About this exercise: What you return should match the data word for word, minus the images.

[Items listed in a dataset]
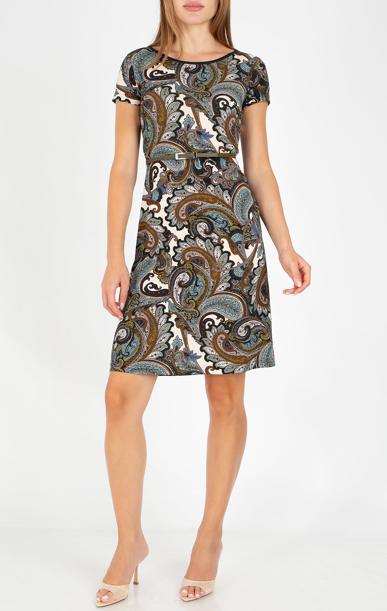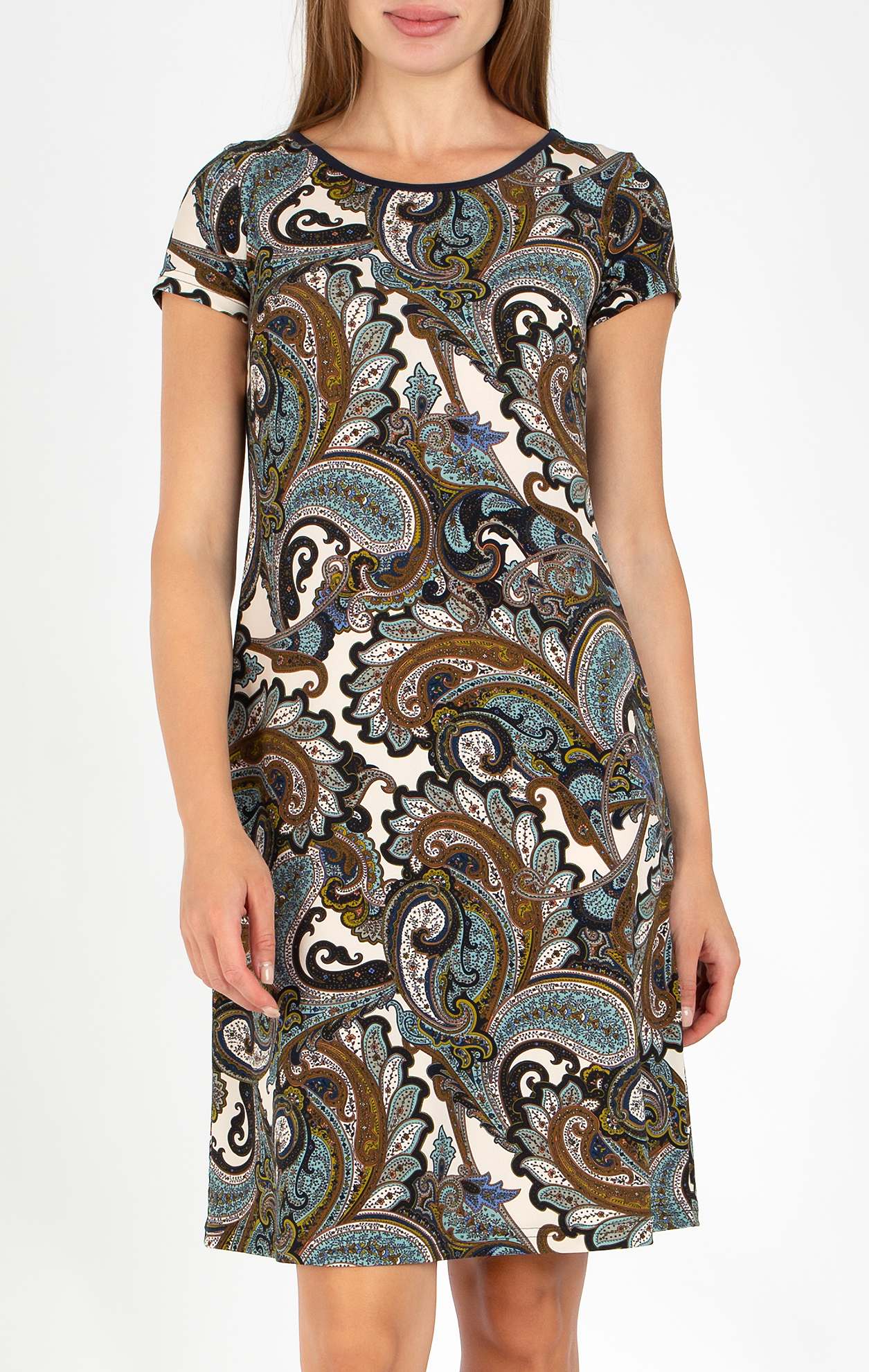 Комфортна лятна рокля от лека трикотажна материя, тип жарсе с пейсли мотиви в земни тонове. Роклята е с А - силует, обло деколте завършено с бие, с капковиден отвор на гърба. Материята е комфортна и лека и осигурява прохлада в летните дни.
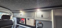 The van has a sink and hob making it fully usable as what I would call a weekender type camper although many people would utilise the drive away awning rail for longer stays away. The van has a pop up roof which can be used as a bed and also gives the user additional height when using the van during the day. The roof has a Allen key type fastening which is easier to secure and more appealing then the cheaper strap type hold downs. It has multiple lighting in the van and can also be used in the cover months with its rear diesel heater. Passenger seat is swivel and there are various storage cupboards throughout, blinds over all windows. The van also benefits with a lockable safe to keep your important valuables, documents secure.
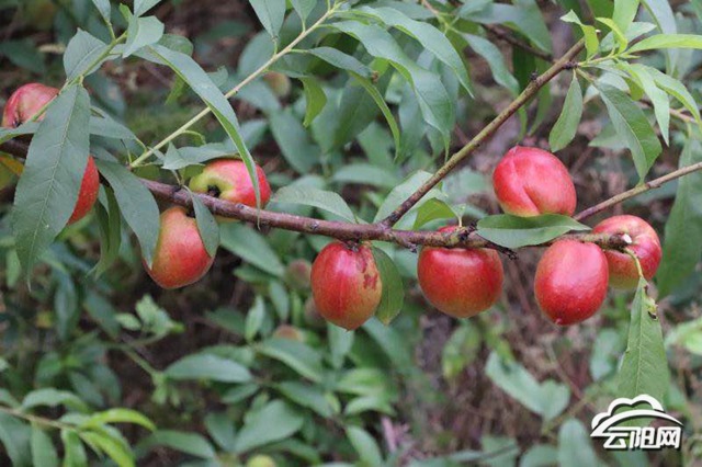 去年4月,這里千畝桃花競(jìng)相綻放,美不勝收。如今,桃花已變成了鮮果,而成熟期最早的紅珍珠油桃早已按捺不住,爬上樹梢,將樹枝壓彎了腰。
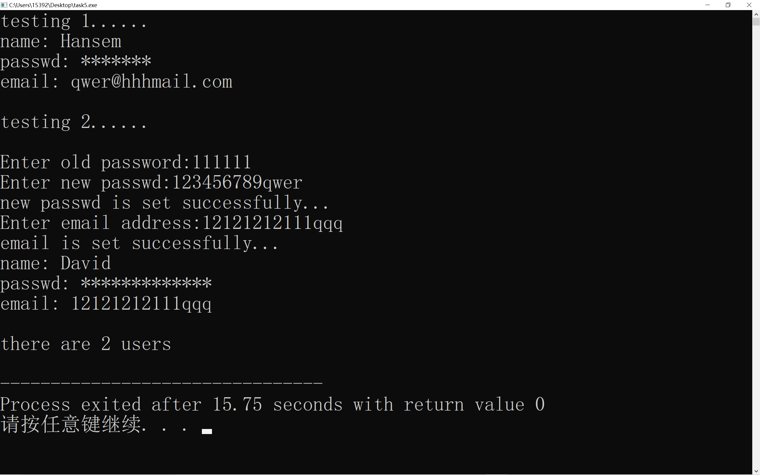 #pragma once #include<iostream> #include<cstring> #include<string> using namespace std; class user { public: user(string name0,string passwd0="111111",string email0=""); void set_email(); void change_passwd(); void print_info() const; void static print_n() {cout << "there are " << n << " users" << endl;} private: string name; string passwd; string email; static int n; }; user::user(string name0,string passwd0,string email0):name(name0),passwd(passwd0),email(email0){n++;} int user::n=0; void user::set_email(){ cout << "Enter email address:"; cin >> email; cout << "email is set successfully..." << endl; } void user::change_passwd(){ string oldpasswd = passwd; int count; cout << "Enter old password:"; cin >> passwd; count = 1; while(oldpasswd!=passwd&&count<3){ cout << "password input error. please re-enter again:"; cin >> passwd; count++; if(oldpasswd!=passwd&&count == 3){ cout << "password input error. please try after a while." << endl; } } if(oldpasswd == passwd){ cout << "Enter new passwd:"; cin >> passwd; cout << "new passwd is set successfully..." << endl; } if(oldpasswd!=passwd&&count == 3) passwd = oldpasswd; } void user::print_info() const{ int k; cout << "name: " << name << endl; cout << "passwd: "; k = passwd.size(); while(k--) cout << "*"; cout << endl; cout << "email: " << email << endl; }
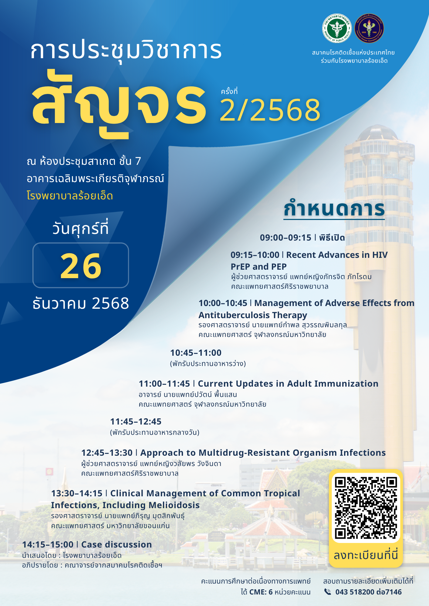 สมาคมโรคติดเชื้อแห่งประเทศไทย ร่วมกับ โรงพยาบาลร้อยเอ็ด
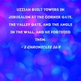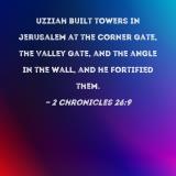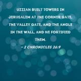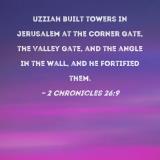 Uzziah built towers in Jerusalem at the Corner Gate, the Valley Gate, and the angle in the wall, and he fortified them.
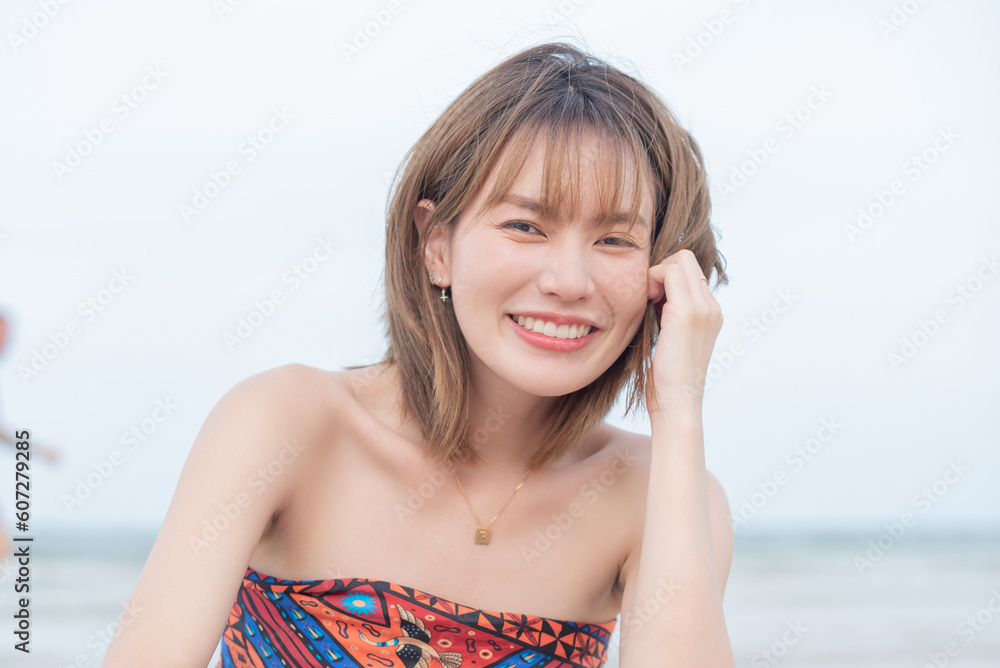 young slim beautiful woman on sunset beach, playful, summer vacation, sunny, having fun, positive mood, romantic, traveller, happy, Happy mixed race girl in casual outfit with wind in her hair.
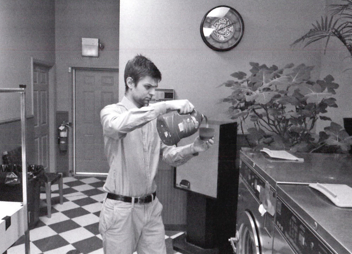 (C) Anh ấy đang đổ một ít chất lỏng vào cốc.
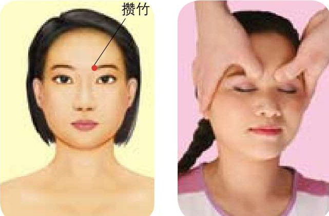 按摩方法 :被按摩者仰卧,按摩者坐于其头侧,用双手拇指或中指轻轻按揉攒竹穴约2分钟,以局部有酸胀感为佳。
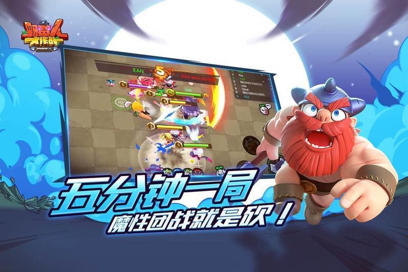 3v3v3,九人尬斧,技能随机,遇到就砍!独家群架玩法,尽在野蛮趣味竞技赛!可以发育打架,也可以偷菇阴人,可以当治愈系输出、也可以当暴力的辅助!这里没有最强的套路,只有最邪的打法!
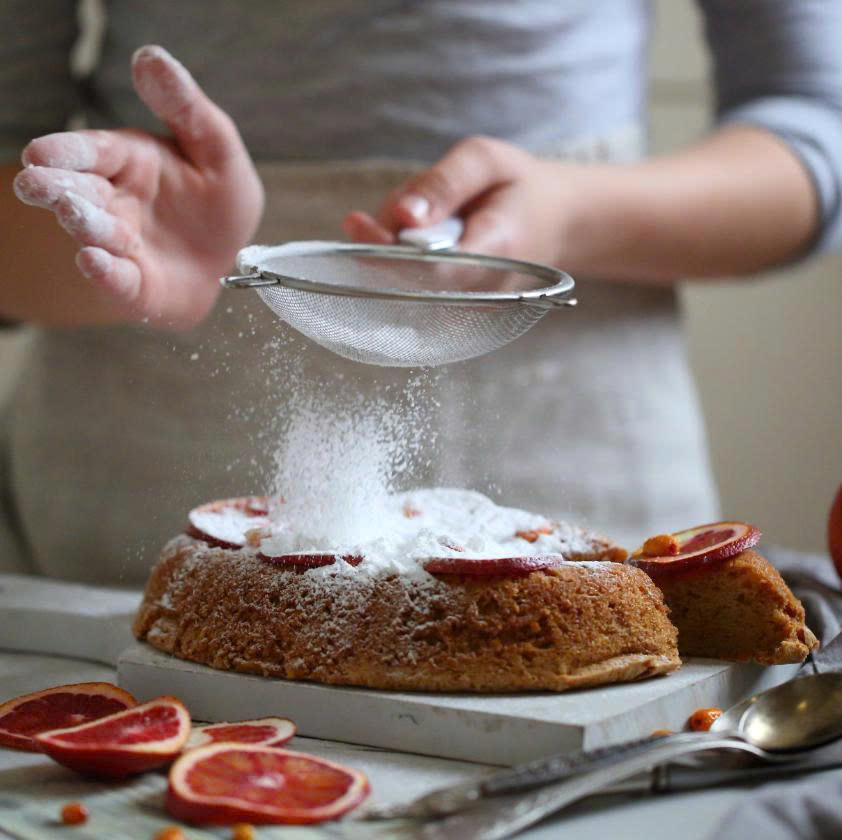 Hướng dẫn sử dụng: Dùng rây để rây đều một lớp mỏng đường tuyết lên bề mặt bánh

Answer space:
 Комфортна лятна рокля от лека трикотажна материя, тип жарсе с пейсли мотиви в земни тонове. Роклята е с А - силует, обло деколте завършено с бие, с капковиден отвор на гърба. Материята е комфортна и лека и осигурява прохлада в летните дни.
 The van has a sink and hob making it fully usable as what I would call a weekender type camper although many people would utilise the drive away awning rail for longer stays away. The van has a pop up roof which can be used as a bed and also gives the user additional height when using the van during the day. The roof has a Allen key type fastening which is easier to secure and more appealing then the cheaper strap type hold downs. It has multiple lighting in the van and can also be used in the cover months with its rear diesel heater. Passenger seat is swivel and there are various storage cupboards throughout, blinds over all windows. The van also benefits with a lockable safe to keep your important valuables, documents secure.
 去年4月,這里千畝桃花競(jìng)相綻放,美不勝收。如今,桃花已變成了鮮果,而成熟期最早的紅珍珠油桃早已按捺不住,爬上樹梢,將樹枝壓彎了腰。
 #pragma once #include<iostream> #include<cstring> #include<string> using namespace std; class user { public: user(string name0,string passwd0="111111",string email0=""); void set_email(); void change_passwd(); void print_info() const; void static print_n() {cout << "there are " << n << " users" << endl;} private: string name; string passwd; string email; static int n; }; user::user(string name0,string passwd0,string email0):name(name0),passwd(passwd0),email(email0){n++;} int user::n=0; void user::set_email(){ cout << "Enter email address:"; cin >> email; cout << "email is set successfully..." << endl; } void user::change_passwd(){ string oldpasswd = passwd; int count; cout << "Enter old password:"; cin >> passwd; count = 1; while(oldpasswd!=passwd&&count<3){ cout << "password input error. please re-enter again:"; cin >> passwd; count++; if(oldpasswd!=passwd&&count == 3){ cout << "password input error. please try after a while." << endl; } } if(oldpasswd == passwd){ cout << "Enter new passwd:"; cin >> passwd; cout << "new passwd is set successfully..." << endl; } if(oldpasswd!=passwd&&count == 3) passwd = oldpasswd; } void user::print_info() const{ int k; cout << "name: " << name << endl; cout << "passwd: "; k = passwd.size(); while(k--) cout << "*"; cout << endl; cout << "email: " << email << endl; }
 สมาคมโรคติดเชื้อแห่งประเทศไทย ร่วมกับ โรงพยาบาลร้อยเอ็ด
 Uzziah built towers in Jerusalem at the Corner Gate, the Valley Gate, and the angle in the wall, and he fortified them.
 young slim beautiful woman on sunset beach, playful, summer vacation, sunny, having fun, positive mood, romantic, traveller, happy, Happy mixed race girl in casual outfit with wind in her hair.
 (C) Anh ấy đang đổ một ít chất lỏng vào cốc.
 按摩方法 :被按摩者仰卧,按摩者坐于其头侧,用双手拇指或中指轻轻按揉攒竹穴约2分钟,以局部有酸胀感为佳。
 3v3v3,九人尬斧,技能随机,遇到就砍!独家群架玩法,尽在野蛮趣味竞技赛!可以发育打架,也可以偷菇阴人,可以当治愈系输出、也可以当暴力的辅助!这里没有最强的套路,只有最邪的打法!
 Hướng dẫn sử dụng: Dùng rây để rây đều một lớp mỏng đường tuyết lên bề mặt bánh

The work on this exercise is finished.